The Enhanced tier and its model options can be called with the following syntax:

https://api.deepgram.com/v1/listen?tier=enhanced&model=general
https://api.deepgram.com/v1/listen?tier=enhanced&model=OPTION

If the model parameter is unset, it will default to general.

Base

Base model tiers are built on our signature end-to-end deep learning speech model architecture. They offer a solid combination of accuracy and cost effectiveness in some cases. Deepgram's Base models have the following options:

  • general: (Default) Optimized for everyday audio processing.
  • meeting: Optimized for conference room settings, which include multiple speakers with a single microphone.
  • phonecall: Optimized for low-bandwidth audio phone calls.
  • voicemail: Optimized for low-bandwidth audio clips with a single speaker. Derived from the phonecall model.
  • finance: Optimized for multiple speakers with varying audio quality, such as might be found on a typical earnings call. Vocabulary is heavily finance oriented.
  • conversationalai: Optimized to allow artificial intelligence technologies, such as chatbots, to interact with people in a human-like way.
  • video: Optimized for audio sourced from videos.

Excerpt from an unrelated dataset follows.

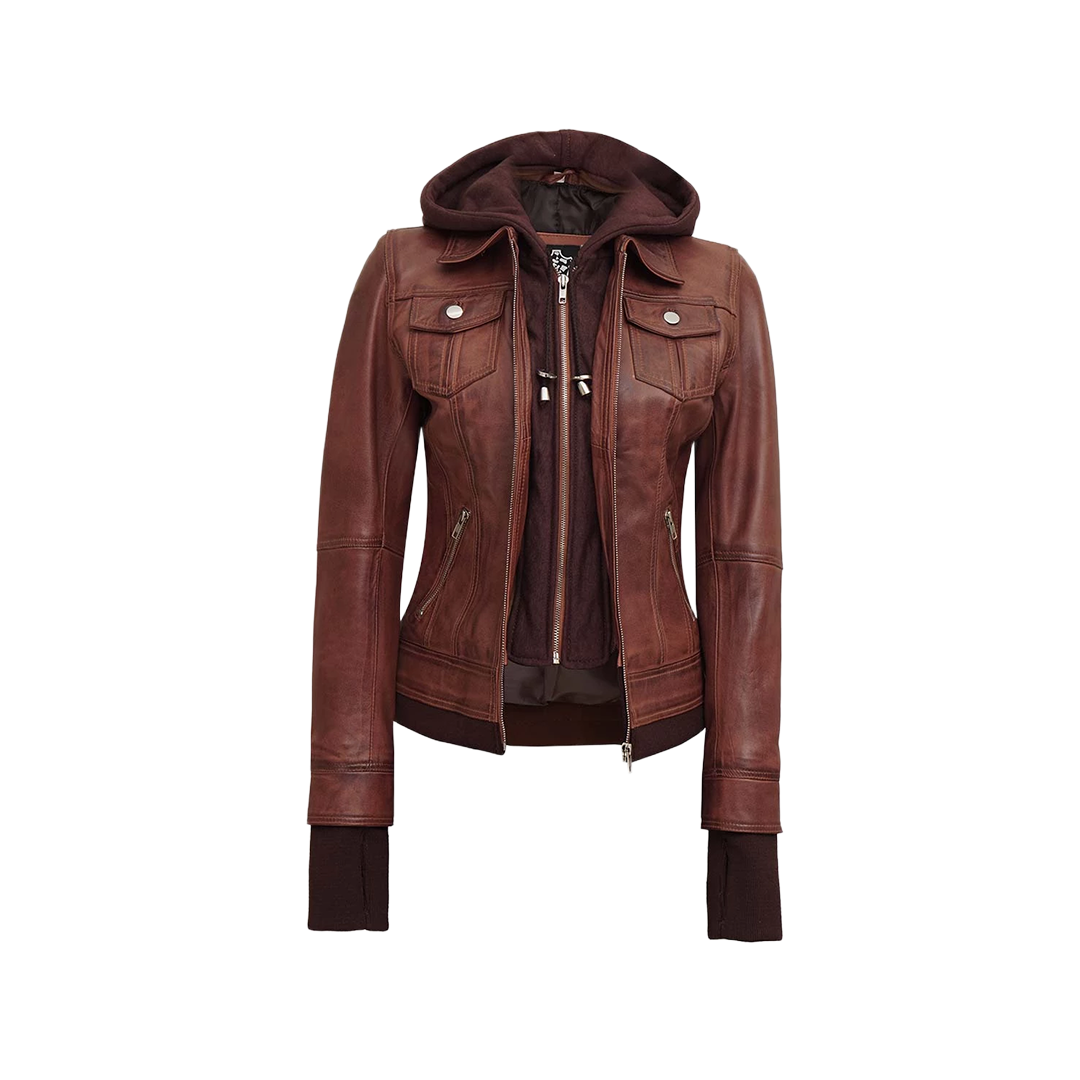 Experience effortless style and year-round comfort with the Dark Brown Women's Bomber Leather Jacket with Removable Hood. Designed for women who value both practicality and a polished, moto-inspired look, this jacket is your go-to outerwear essential.
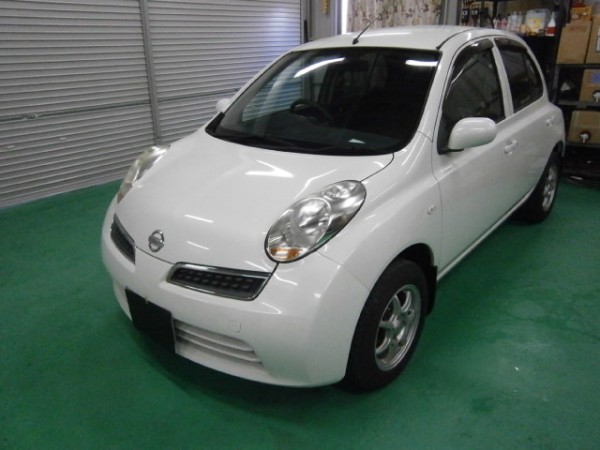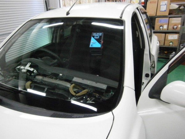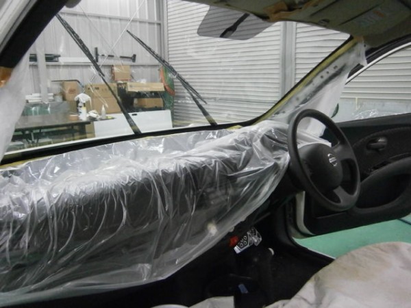 マーチのフロント3面に透明断熱フィルムを貼ります

The Base tier and its model options can be called with the following syntax:

https://api.deepgram.com/v1/listen?tier=base&model=general
https://api.deepgram.com/v1/listen?tier=base&model=OPTION

If the model parameter is unset, it will default to general.

⚠️

You should only submit model options that are available for a particular tier; submitting a model option that is not available for a tier will result in a parse error. All tiers should have a general model available.

Try it out

To transcribe audio from a file on your computer using a particular tier, run the following curl command in a terminal or your favorite API client.

curl \
  --request POST \
  --header 'Authorization: Token YOUR_DEEPGRAM_API_KEY' \
  --data-binary @youraudio.wav \
  --url 'https://api.deepgram.com/v1/listen?tier=OPTION'

🚧

Replace YOUR_DEEPGRAM_API_KEY with your Deepgram API Key.